Тайны родства (СИ) - Гультрэ Икан Релавьевна. Страница 51

   Нет, не так. Тело мое не знало прежде этого напитка, мои вкусовые рецепторы находили его странным, но... срабатывали ассоциации, сознание-то помнило, и я наслаждалась каждым глотком.

   -- Нравится? -- прищурился дед.

   -- Угу, -- промурлыкала я в ответ, -- выращиваете здесь?

   -- Да, когда-то привезли зерна из одного мира...

   -- Возможно, из того, где мы с Натальей родились.
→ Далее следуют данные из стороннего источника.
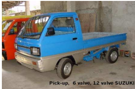
Pick-up, 6 valve, 12 valve SUZUKI

think that's not so bad for us to have that kind of setting. The difficult situation we are facing right now is having a car that we don't know could anytime break down while driving for it always over heats and we feel so tired of this because it hinders our schedules. Plus our road is going thru a pineapple field. So that means off-road challenge.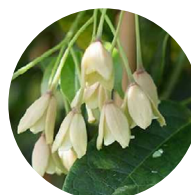
Vigne bleue de Chine Holboellia coriacea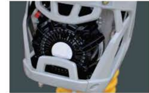
Engine protection frame with full wrap around.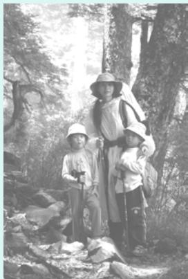
How's your present life?

How is your present life? Pause . . . ponder . . . sense . . . affirm the presence of God within you . . . in all that is happening daily . . .

   -- Натаэлли, -- исправил меня дед, -- возможно, из того мира, да. Напиток многим пришелся по вкусу, так что начали выращивать и у нас.

   -- Занятно...

   Надо сказать, не только изобретения и пища иных миров оседали на Айиоро, но и книги, которые непременно привозили с собой путешественники. Здесь, в городском доме, хранилась основная часть библиотеки рода Май... если бы я еще могла читать на всех этих языках! Правда, знанием языка тейордов меня осчастливили в процессе всяких медико-магических манипуляций -- ко всему, для полного комплекта. Так что книги по местному целительскому искусству я у деда позаимствовала -- с клятвенным обещанием вернуть их, когда прибуду на каникулы. Да-да, это мне тоже пришлось пообещать.

   -- Дед, но у меня Мариен! -- попробовала спорить я.

   -- Подумаешь, проблема! -- воскликнул Гилеари. -- Перенесем и мальчишку тоже.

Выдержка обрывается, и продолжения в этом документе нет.